I Guardiani Cipresso (Cupressus sempervirens L.), loc. Castello di Romena. Cosa sarebbe la Toscana senza i cipressi? Ad essere precisi il cipresso (nello specifico parliamo del Cupressus sempervirens L.) vegeta, secondo Gellini “…allo stato spontaneo nel Mediterraneo orientale: Grecia e isole Egee, Creta, Cipro, Samo, Leukos, Corfù, Asia Minore, fino alla Giordania. Si trova anche in Cirenaica e in piccole zone della Tunisia e del Marocco. Incerto in Persia e nella Siria settentrionale. Nei paesi mediterranei è coltivato ovunque ormai da millenni…”. Rieccoci dunque, per un altro verso, ai “Testimoni del Tempo”. Non sono certo millenari i due guardiani del Casentino che, da Romena, incorniciano la prospettiva sul crinale e sulle foreste del Parco nazionale.
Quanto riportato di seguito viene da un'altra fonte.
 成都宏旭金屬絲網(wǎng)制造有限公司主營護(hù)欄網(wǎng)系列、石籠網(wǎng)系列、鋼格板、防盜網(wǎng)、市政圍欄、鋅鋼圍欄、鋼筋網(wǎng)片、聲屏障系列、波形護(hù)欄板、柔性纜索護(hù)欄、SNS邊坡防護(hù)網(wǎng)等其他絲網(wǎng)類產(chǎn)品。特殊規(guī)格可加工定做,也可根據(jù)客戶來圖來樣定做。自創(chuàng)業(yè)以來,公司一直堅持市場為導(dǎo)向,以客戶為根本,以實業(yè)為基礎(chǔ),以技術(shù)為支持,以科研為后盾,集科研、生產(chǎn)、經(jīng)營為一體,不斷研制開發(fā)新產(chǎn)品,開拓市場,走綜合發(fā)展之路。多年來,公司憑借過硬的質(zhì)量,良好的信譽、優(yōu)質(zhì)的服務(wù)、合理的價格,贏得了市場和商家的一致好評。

È millenaria invece la cultura che essi rappresentano, una cultura di grazia, bellezza, armonia.

Nel paesaggio toscano il cipresso è come un segnale, un avviso ai viaggiatori che lì c’è qualcosa di caratteristico: un incrocio, una chiesa o, più spesso, un cimitero, una villa o il viale che a quella conduce. Per qualche tempo, nel vortice degli Anni ‘60, si era persa un po’ la tradizione del cipresso, interessato da una preoccupante epidemia indotta da un agente patogeno, e si era ripiegato su un suo pseudo-sostituto: come nelle case era avvenuto con la formica e i mobili in teak al posto di fratine e madie in massello, così nei giardini era entrato l’infausto Cipresso dell’Arizona, indenne dagli attacchi di “cancro corticale”.
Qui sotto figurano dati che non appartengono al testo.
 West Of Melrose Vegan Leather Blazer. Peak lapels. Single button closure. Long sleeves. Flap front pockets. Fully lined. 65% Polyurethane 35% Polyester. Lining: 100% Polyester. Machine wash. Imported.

Quello dell’Arizona è vero che del “nostro” cipresso è un qualche lontano parente (i due appartengono alla stessa famiglia e allo stesso genere), ma per carità non c’entra nulla con la nostra cultura e col buon gusto. Diffonderlo ulteriormente nel nostro paesaggio sarebbe come pensare di installare infissi d’alluminio anodizzato alle pievi romaniche. Può sembrare una contraddizione, un’invettiva contro una specie che è comunque un elemento della natura.

Non c’è niente di male invece: gli americani si tengano caro il loro cipresso argentato nelle foreste di quell’ambiente, noi difendiamo il nostro “spilungone” e sosteniamo la ricerca per la sua tutela. Se non altro, grazie anche a lui, tanti e tanti americani avranno ancora motivo di venire a incantarsi per paesaggi che da loro non esistono.

Amo immaginare come ogni giorno di ogni mese, per tutto l’anno, nei più disparati angoli del mondo i Testimoni del Tempo continueranno a trasmettere la bellezza che li pervade e a raccontare le loro storie.